Когда новость приелась, отошла на второй план среди других преступлений, совершавшихся каждый день, я страстно (вот правильное слово) захотел, чтобы мой брат снова убил.

А потом – Клара. Кларита. Клара улыбнулась мне из-за письменного стола. «Мне нравятся твои заметки. Нравится, как ты пишешь». А дальше – ее лицо, волосы, жесты. Кино, ее ладонь, губы. Прикосновение. Поцелуи. Ласки. Возбуждение. Эрекция. Парк. Кафе. Улица. Ее комната. Любовная игра. Поцелуи. Ласки. Возбуждение. Эрекция. Поцелуи. Слюна. Пенис. Яйца. Влажность. Поцелуи. Промежность. Вульва. Ладони. Язык. Клитор. Груди. Проникновение. Ритмичные движения. Пот. Поцелуи. Прерывистое дыхание. Стон. Оргазм. Кульминация. Эякуляция. Поток. Излияние. Семя. Сперматозоиды. Спазм. Расслабление. Вздох. Поцелуи.

Величайший восторг – когда кто-то ждет тебя у входа в кинотеатр, в кафе, в парке, меж простыней. В ее постели я сбрасывал с себя одиночество, будто плащ или пальто, удерживающие холод внутри. Клара приехала в столицу из Гуанахуато два года назад в поисках работы, снимала комнату в центре и мечтала о семье. Сама того не осознавая, она заражала меня своими мечтами, и я жаждал жизни такой же теплой, как ее кожа, и мягкой, как ее лобковые волосы. Ровной, монотонной. Обычной.

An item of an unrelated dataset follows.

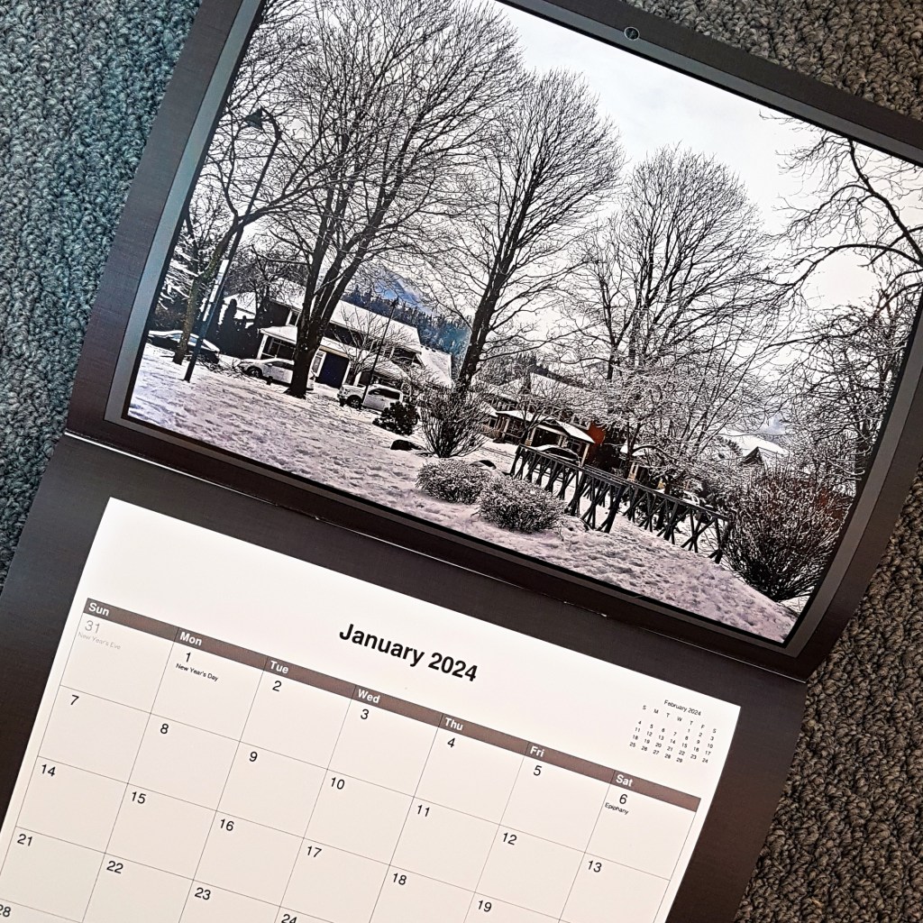 Over the past few years since we have lived in Garrison Crossing (a former Canadian Army Base converted into upgraded housing 20 yrs ago) I have always marvelled at all the wonderful trees. So this year I created a calendar for some of our wonderful neighbours and friends. I’m very pleased with the print quality provide by London Drugs Photo! This is the 3rd calendar project I have enjoyed creating. Others were “Birds+Bees 2023” and “Eagles I Have Seen 2022”
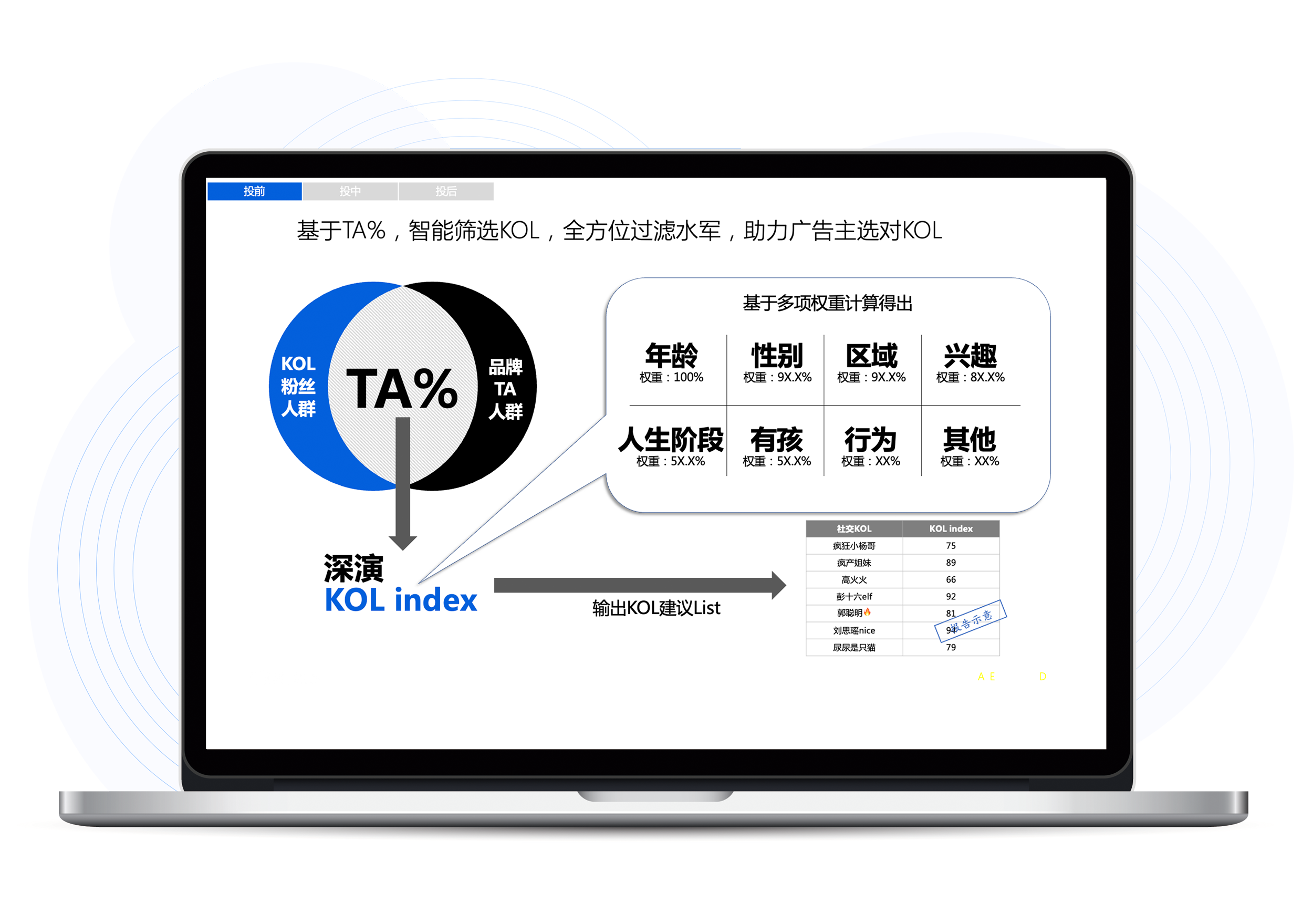 开心8K参谋科学前选可以跨领域找到最能影响品牌目标人群的KOL进行投放,同时有效平衡投资回报率

Тем временем Хулиан выбрал вторую жертву через три месяца после первой. Он отыскал ее дом и выслеживал несколько дней. Официантка из Такубы. Брат наблюдал, как она в униформе носит тарелки, стаканы, столовые приборы от стола к столу, будто в танце. Ему нравилась ее невысокая миниатюрная фигурка, стройнее, чем у других официанток. Красивая. Улыбчивая. Улыбка играла у нее на губах почти весь день, даже когда она в перерывах выходила на улицу покурить. Словно у влюбленной, пребывающей в состоянии вечной мечтательности. Женщина ни с кем не встречалась.

Три дня подряд Хулиан появлялся в кафе и заказывал одно и то же. Устроил так, чтобы его всегда обслуживала она. На четвертый день он дождался вопроса: «Вам как обычно?»

– А ты разве помнишь?

Хулиан заметил ее румянец. Женщина вновь спросила, будет ли он заказывать как обычно.

– Обычно я прихожу увидеть тебя.

Она усмехнулась, но тут же овладела собой, возвращаясь к роли официантки. Хулиан взял то же самое, выкурил сигарету, вторую, расплатился и ушел, оставив шляпу.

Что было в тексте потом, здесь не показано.